─── COLLECTED MATERIAL
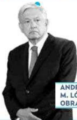
ANDRÉS M. LÓPEZ OBRADOR

› Alicia Bárcena , propuesta del presidente López Obrador como canciller, aprovechó uno de sus últimos actos como embajadora en Chile para informar que el mandatario mexicano visitará ese país sudamericano el 11 de septiembre próximo. El viaje es a invitación del presidente chileno Gabriel Boric para que lo acompañe en la ceremonia conmemorativa del 50 aniversario del Golpe de Estado contra Salvador Allende . Ella, por supuesto, irá con él.
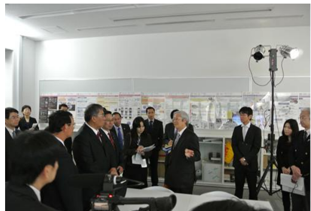
ASEAN10 か国経済閣僚等の視察の様子 (平成 24 年 4 月)
──────
TASK DIRECTIONS |
Nothing but the lines from the one containing "irá con él." through the last line of the material may appear in the answer, transcribed exactly and with no pictures.

ANSWER FOR THE TASK |
› Alicia Bárcena , propuesta del presidente López Obrador como canciller, aprovechó uno de sus últimos actos como embajadora en Chile para informar que el mandatario mexicano visitará ese país sudamericano el 11 de septiembre próximo. El viaje es a invitación del presidente chileno Gabriel Boric para que lo acompañe en la ceremonia conmemorativa del 50 aniversario del Golpe de Estado contra Salvador Allende . Ella, por supuesto, irá con él.
ASEAN10 か国経済閣僚等の視察の様子 (平成 24 年 4 月)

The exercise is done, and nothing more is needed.